EXERCISE DESCRIPTION: Leaving out pictures, output exactly the lines below from the one that has "daughter asked me" through the one that has "朱處長與91歲的離休老干部趙", and nothing else.

EXTRACTED INFORMATION:
━━━━━━━━

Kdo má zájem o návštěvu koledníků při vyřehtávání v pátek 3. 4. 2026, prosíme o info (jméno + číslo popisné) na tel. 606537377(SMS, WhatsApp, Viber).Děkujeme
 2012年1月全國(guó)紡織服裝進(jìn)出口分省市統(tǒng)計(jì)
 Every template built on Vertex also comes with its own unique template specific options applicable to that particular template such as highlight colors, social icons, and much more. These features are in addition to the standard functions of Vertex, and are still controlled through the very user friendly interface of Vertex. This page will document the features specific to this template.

━━━━━━━━

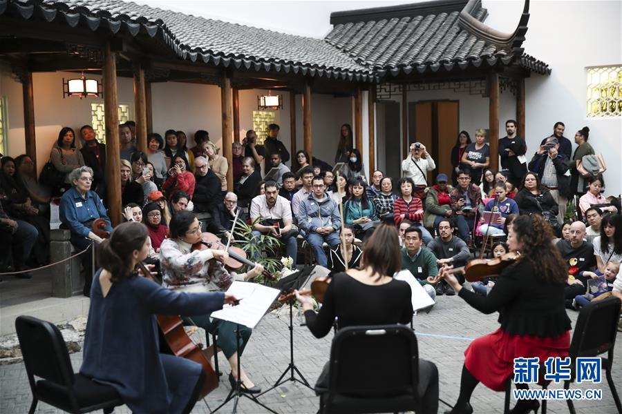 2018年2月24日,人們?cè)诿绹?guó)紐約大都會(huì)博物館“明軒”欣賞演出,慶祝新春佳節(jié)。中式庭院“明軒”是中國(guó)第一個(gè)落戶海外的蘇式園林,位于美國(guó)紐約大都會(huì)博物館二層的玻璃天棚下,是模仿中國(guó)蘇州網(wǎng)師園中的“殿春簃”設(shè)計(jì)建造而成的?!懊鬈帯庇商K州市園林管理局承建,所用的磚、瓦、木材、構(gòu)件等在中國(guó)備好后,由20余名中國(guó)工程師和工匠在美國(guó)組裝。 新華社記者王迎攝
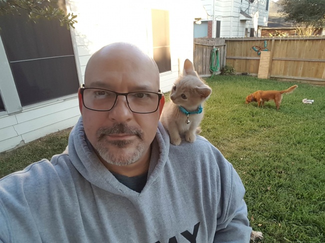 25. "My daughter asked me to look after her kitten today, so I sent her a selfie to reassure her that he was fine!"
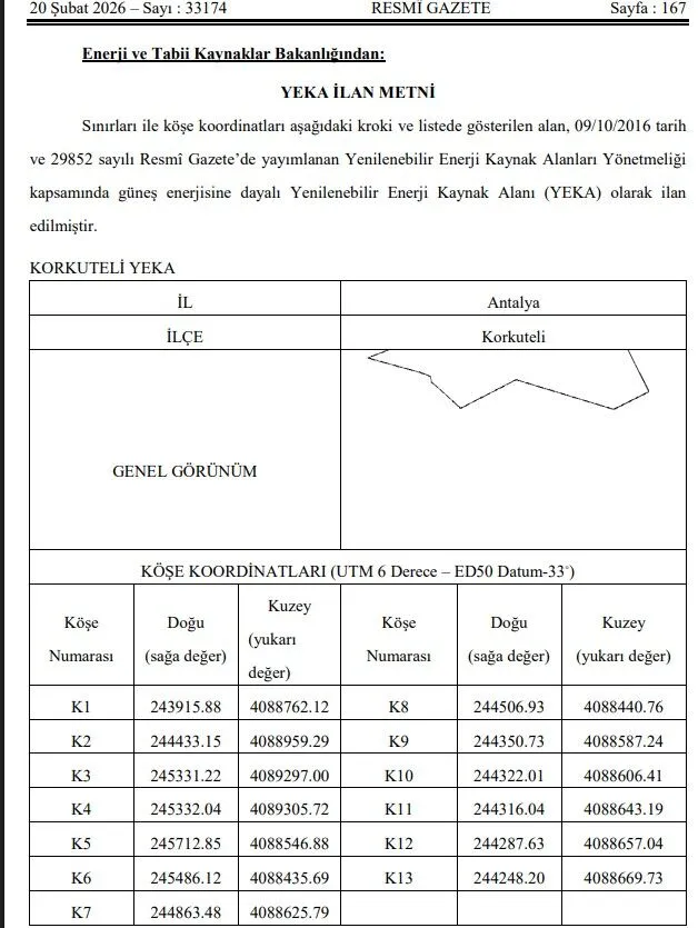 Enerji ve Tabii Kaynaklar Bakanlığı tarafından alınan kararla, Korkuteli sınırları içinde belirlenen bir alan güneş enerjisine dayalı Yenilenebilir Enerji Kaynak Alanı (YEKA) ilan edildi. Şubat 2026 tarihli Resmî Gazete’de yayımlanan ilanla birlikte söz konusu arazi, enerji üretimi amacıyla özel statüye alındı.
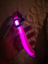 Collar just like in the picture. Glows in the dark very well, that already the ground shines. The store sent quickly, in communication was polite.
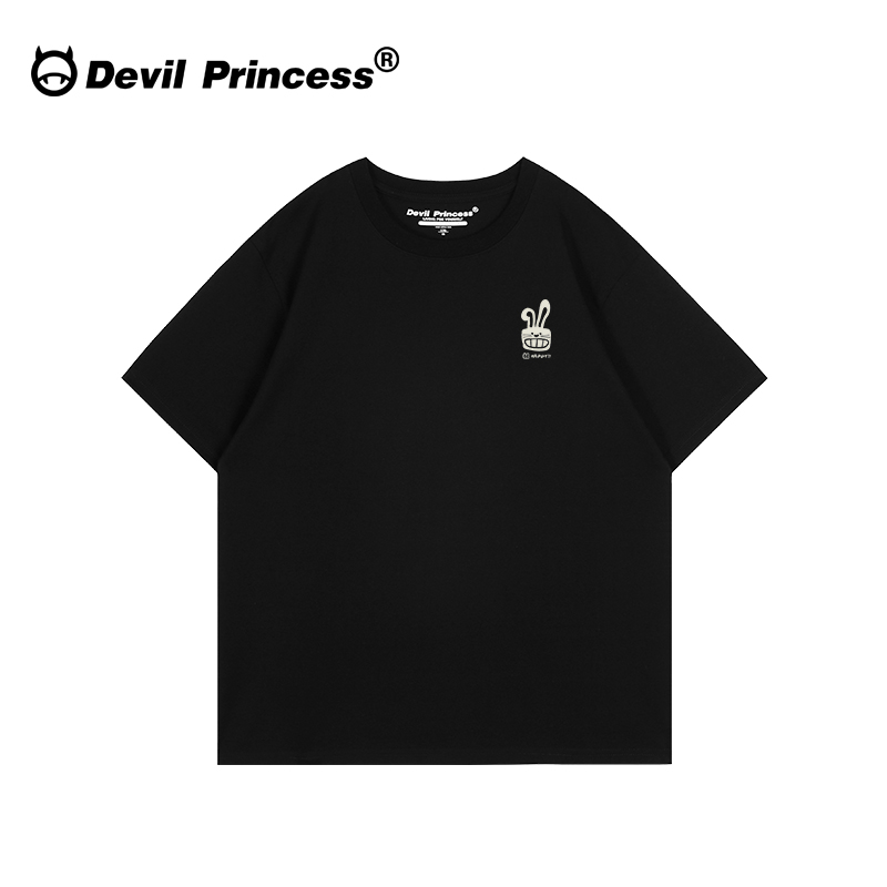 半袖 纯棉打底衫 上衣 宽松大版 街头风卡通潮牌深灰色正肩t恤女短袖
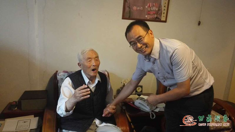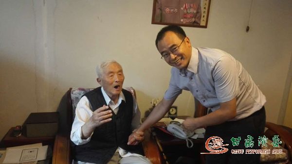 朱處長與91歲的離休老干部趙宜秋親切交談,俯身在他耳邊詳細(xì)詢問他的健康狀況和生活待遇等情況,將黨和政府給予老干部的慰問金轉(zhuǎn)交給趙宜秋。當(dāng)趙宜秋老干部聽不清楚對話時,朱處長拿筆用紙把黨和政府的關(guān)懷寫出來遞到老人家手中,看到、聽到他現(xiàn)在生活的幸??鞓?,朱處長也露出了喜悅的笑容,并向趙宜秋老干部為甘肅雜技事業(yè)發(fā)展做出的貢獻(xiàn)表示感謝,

━━━━━━━━

ANSWER SPACE:
 25. "My daughter asked me to look after her kitten today, so I sent her a selfie to reassure her that he was fine!"
 Enerji ve Tabii Kaynaklar Bakanlığı tarafından alınan kararla, Korkuteli sınırları içinde belirlenen bir alan güneş enerjisine dayalı Yenilenebilir Enerji Kaynak Alanı (YEKA) ilan edildi. Şubat 2026 tarihli Resmî Gazete’de yayımlanan ilanla birlikte söz konusu arazi, enerji üretimi amacıyla özel statüye alındı.
 Collar just like in the picture. Glows in the dark very well, that already the ground shines. The store sent quickly, in communication was polite.
 半袖 纯棉打底衫 上衣 宽松大版 街头风卡通潮牌深灰色正肩t恤女短袖
 朱處長與91歲的離休老干部趙宜秋親切交談,俯身在他耳邊詳細(xì)詢問他的健康狀況和生活待遇等情況,將黨和政府給予老干部的慰問金轉(zhuǎn)交給趙宜秋。當(dāng)趙宜秋老干部聽不清楚對話時,朱處長拿筆用紙把黨和政府的關(guān)懷寫出來遞到老人家手中,看到、聽到他現(xiàn)在生活的幸??鞓?,朱處長也露出了喜悅的笑容,并向趙宜秋老干部為甘肅雜技事業(yè)發(fā)展做出的貢獻(xiàn)表示感謝,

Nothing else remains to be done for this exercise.